The sky, if I could see it, would be blue. Instead there is the color of a robin's egg picked up from the dust, the cool, cotton-candy color of five p.m. clouded by sand from a desert wind and the rising smoke of brush fires. I'm sitting next to my homologue on the sidelines of a soccer game. A little girl in a purple dress, the daughter of the French teacher, fidgets between us. I am miserable.
Say something, I think. What better time to talk about the dangers of brush fires than right now, with the flames licking across the field directly behind the soccer pitch? Well, pitch may be too strong a word. The boys are running on khaki-colored dry spots that haven't seen green in years. Where there is grass, it is tall, and scrapes the tough skin of their shins. A southern slope to the land gives the younger boys the advantage of momentum.

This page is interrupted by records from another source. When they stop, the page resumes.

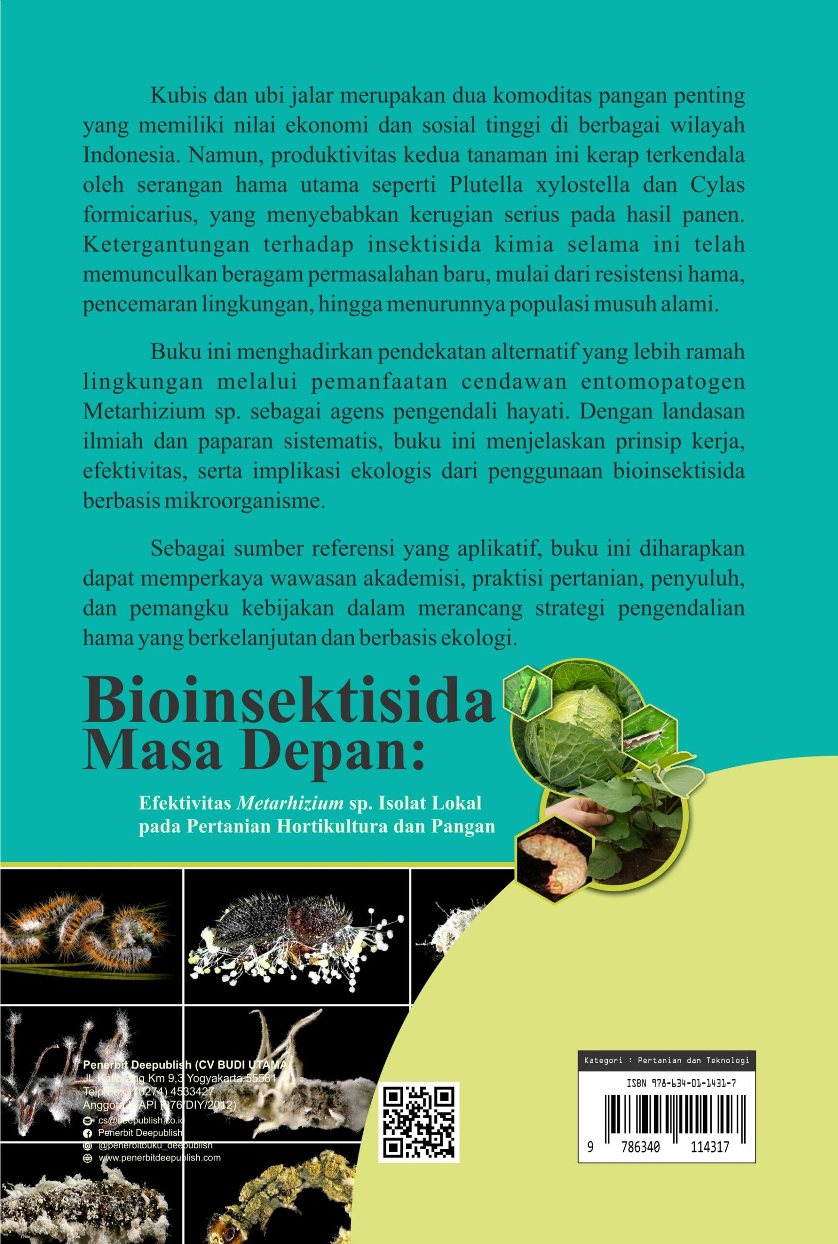 Buku Bioinsektisida Masa Depan: Efektivitas Metarhizium sp. Isolat Lokal pada Pertanian Hortikultura dan Pangan diterbitkan oleh Penerbit Buku Pendidikan Deepublish.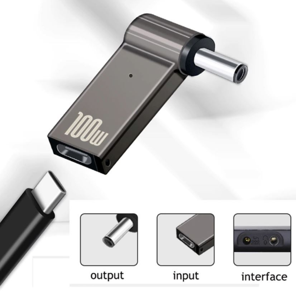 - USB Type-C 100W адаптер питания DC 5.5×1.7 – 1 шт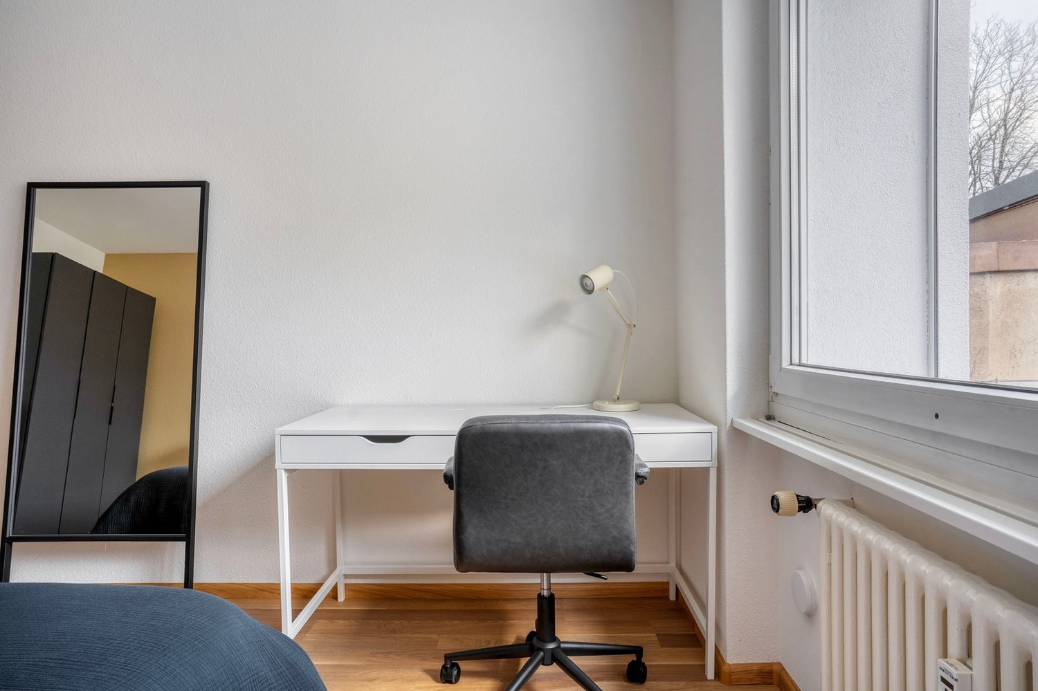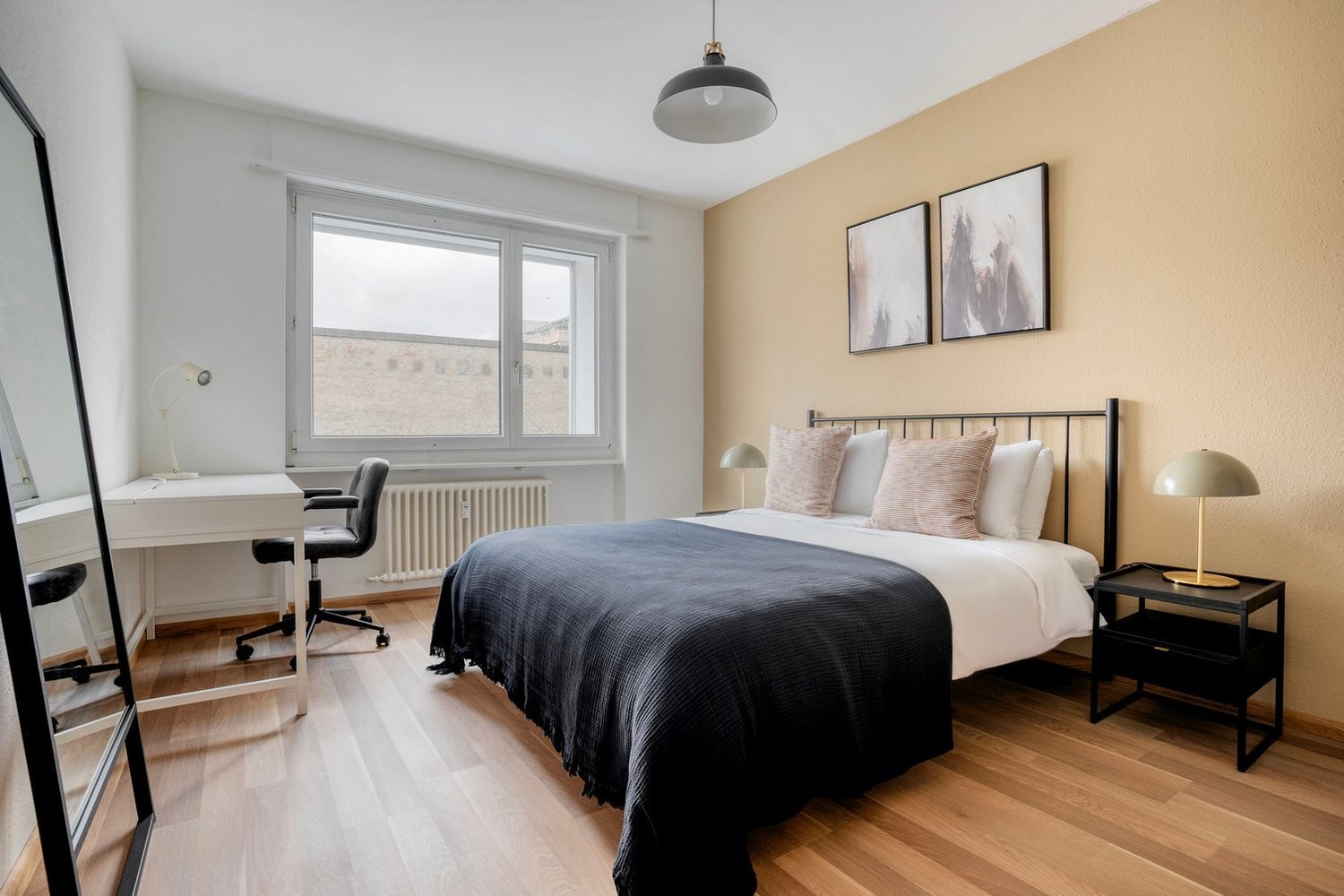 Kommen Sie an und beginnen Sie ab dem ersten Tag zu leben in Basel mit diesem Gemütlich Zwei-Schlafzimmer Blueground-Wohnung . Sie werden es lieben, nach Hause zu kommen in dieses liebevoll eingerichtete, schön gestaltete und voll ausgestattete Haus Gundeldingen . (ID #BSL64)

A triangle of flame attacks a teak tree just behind the field. The flames are violent and unhinged. But how, three days into service, do I gather all these spectators, rip them away from their fun, and lecture them about an activity they've done every dry season of their lives? I don't. Several weeks before, late at night, protected by darkness and a mosquito net, the air cool after a rain, I'd asked L what she was thinking. "Nothing at all," she said. "I'm just enjoying the moment." I think of that here, while the trunks of trees char and the older boys celebrate another goal. I have two years to work. I can enjoy a soccer game tonight.